Recuerdo muchas veces a la gente de aquella época. Aunque siempre haya existido algún corderillo negro, en aquel tiempo la unión del pueblo era muy importante. Se hacían sextaferias y se ayudaban unos a otros con mucha facilidad. Aunque las cosas cambiaron mucho, no todo fue para bien, esa unidad del pueblo era demasiado importante como para que se perdiera. Siempre y en cada pueblo había un lugar estratégico para reunirse y contar los problemas de cada uno y las historias de los antiguos que nos prestaba mucho oír y sobre todo a los pequeños.
Cuando recolectábamos el maíz, se hacían las famosas “esfoyazas”, se hacían por la noche. Después de terminar la labor de “esfoyar” (quitar la hoja al maíz), se cantaba y se bailaba al son de la pandereta y repartían, de cuando en cuando, algunas bebidas, castañas o manzanas, si las había. Esto era muy importante por la necesidad que existía, de ahí que la gente procuraba ir a la que se considerara más importante, si es que había más de una en el pueblo, porque se decía ahí hay más “garulla”, esto era porque había familias con mejor economía y daban más de comer y de beber y era a esto a lo que se le llamaba “garulla“, (Convite. Convidada pa los qu’ayuden nuna esfoyaza, Llambiotaes).

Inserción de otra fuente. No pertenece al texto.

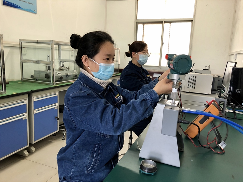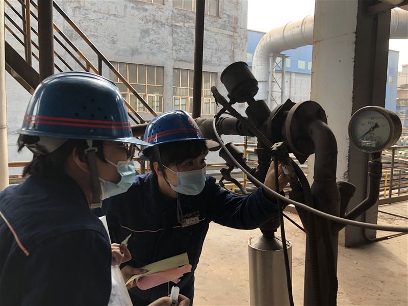 為確保生產正常運行,她們置身生產一線,利用便攜式檢測設備,對壓力、溫度、流量、電磁等測量儀器進行在線檢測。壓力設備采取相同壓力源多點位進行比對,計算誤差值是否在允許范圍內;溫度類設備先使用紅外測溫儀進行測試,再根據主控室顯示的數據進行比對,判定其是否合格;電能表則通過標準表與被檢表相連接,通過變比值計算出電流值,根據現場電壓值與標準器示值進行比對;在線流量積算儀通過與多功能信號儀連接,在線檢測輸出信號值是否在允許范圍內……她們瘦小的身影穿梭在縱橫交錯的設備與管道間,為一臺臺測量設備檢測、分析,與現場工作人員進行溝通,確認每一臺設備性能正常。

El trabajo no se terminaba en todo el año, en una época se preparaban las tierras para labrarlas o cavarlas al palote. Un trabajo duro para todos pero sobre todo para los pequeños que no disponíamos de fuerza suficiente para tanto esfuerzo. Se acarreaba el estiércol para abonar las tierras y luego hacer los sembrados, se machacaban los terrones. “Terrar” era el cavar a palote para hacer una zanja en el fondo de la finca, cargándolo en cestos para subirlo a hombros hasta el alto de esta, para evitar que al ararlo con la pareja de vacas se fuera abajo la tierra. Este trabajo era uno de los más duros. Había que aprender a “sallar” (quitar las malas hierbas) y “arriandar” las patatas y el maíz (arrimar la tierra a la planta). Después venía la recolección de la hierba, había que segar, “esmarallar” (ir colocando la hierba en hilera al tiempo que se iba segando), luego esparcirla y, más tarde, darle vuelta con el “garabatu” para que cure mejor y , por último, transportarla al pajar. En la vida del ganadero y agricultor, nunca se termina el trabajo ni hay descanso en los domingos.